Various inventive features are described below that can each be
used independently of one another or in combination with other
features. However, any single inventive feature may not address any
or all of the problems discussed above or may only address one of
the problems discussed above. Further, one or more of the problems
discussed above may not be fully addressed by any of the features
described below.
FIG. 1 of the accompanying drawings shows a perspective view of a
golf club 100 in accordance with an exemplary embodiment of the
present invention. More specifically, FIG. 1 shows a golf club 100
further comprising of a club head 102 at a distal end 101 of the
golf club 100, a grip 106 at a proximal end 103 of the golf club
100, and a shaft 104 juxtaposed between the club head 102 and the
grip 106 connecting said grip 106 to said club 102. The club head
102, as referred to in the current embodiment of the present
invention, may generally refer to a metalwood type golf club head
102; however, in alternative embodiments of the present invention,
club head 102 may refer to iron type golf club heads, wedge type
golf club heads, or even putter type golf club heads all without
departing from the scope and content of the present invention. The
shaft 104, as referred to in the current exemplary embodiment of
the present invention, may generally refer to a lightweight
graphite type material; however, the shaft 104 may be made out of a
metallic material, a rubber material, wooden material, or any other
type of material capable of creating a connection between the club
head 102 and the grip 106 all without departing from the scope and
content of the present invention. Finally, the grip 106, as
referred to in this current exemplary embodiment may generally be
made out of a rubber composite type material, however numerous
other materials such as leather, plastic, or even composite
material may be used without departing from the scope and content
of the present invention.
In order to understand the improved weight distribution of the
current inventive golf club 100, it is worthwhile to dive into the
weight of the each of the various components involved in the golf
club 100 itself. For that, FIG. 2 of the accompanying drawings
shows an exploded view of a golf club 200 in accordance with the
present invention to allow the various components to be shown with
more clarity. More specifically, the exploded view of the golf club
200 allows the weight adjustment member 208 to be shown in more
detail in conjunction to the previously described components of the
club head 202, the shaft 204, and the grip 206.

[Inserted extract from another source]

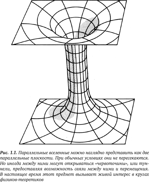 Некоторые из этих представлений не новы. В последние несколько столетий мистики и философы высказывали догадки о существовании других вселенных и туннелей между ними. С давних времен их занимало возможное существование иных миров, которые нельзя выявить с помощью зрения или слуха, тем не менее соседствующих с нашей Вселенной. Интриговало то, что, возможно, эти неизученные и неизведанные миры находятся совсем рядом, по сути дела, окружают нас, пронизывают нас повсюду, куда бы мы ни направлялись, но физически остаются для нас недосягаемыми, ускользают от наших органов чувств. Но все эти разговоры в конечном итоге оказывались пустыми и бесполезными, так как не существовало практического способа выразить эти идеи математически и, в конце концов, проверить их.

In this current exemplary embodiment of the present invention, the
club head 202 may generally have a mass of between about 170 grams
to about 225 grams, more preferably between about 180 grams to
about 215 grams, and most preferably between about 190 grams to
about 205 grams in accordance with the common weight associated
with a metalwood driver type golf club head. The grip 206, similar
to the club head 206, is in line with industry standard and has a
mass of between about 25 grams to about 60 grams, more preferably
between about 35 grams to about 55 grams, and most preferably
between about 45 grams to about 52 grams. Although the weight of
the club head 202 and the grip 206 do not deviate much from normal
industry standards, the weight of the shaft 204 is significantly
lighter than what is the industry standard. In fact, the mass of
the shaft 204 in the current exemplary embodiment is generally less
than about 40% of the mass of the club head 202, more preferably
less than about 35% of the mass of the club head 202, and most
preferably less than about 30% of the mass of the club head 202 to
yield a shaft mass of less than about 90 grams, more preferably
less than about 75 grams, and most preferably less than about 60
grams.
Before moving onto the discussion about the mass of the weight
adjustment member 208, it is worthwhile to calculate the density of
the shaft 204 and the density of the grip 206; as the two densities
will be helpful in determining the overall mass of the mass
adjustment member 208. The density of the shaft 204 is determined
based on the overall length of the shaft 204 divided by the overall
mass of the shaft 204; which in the current exemplary embodiment is
between about 1.0 grams/inch and about 2.0 grams/inch, more
preferably between about 1.10 grams/inch and 1.50 grams/inch, most
preferably between about 1.15 grams/inch and about 1.25 grams/inch.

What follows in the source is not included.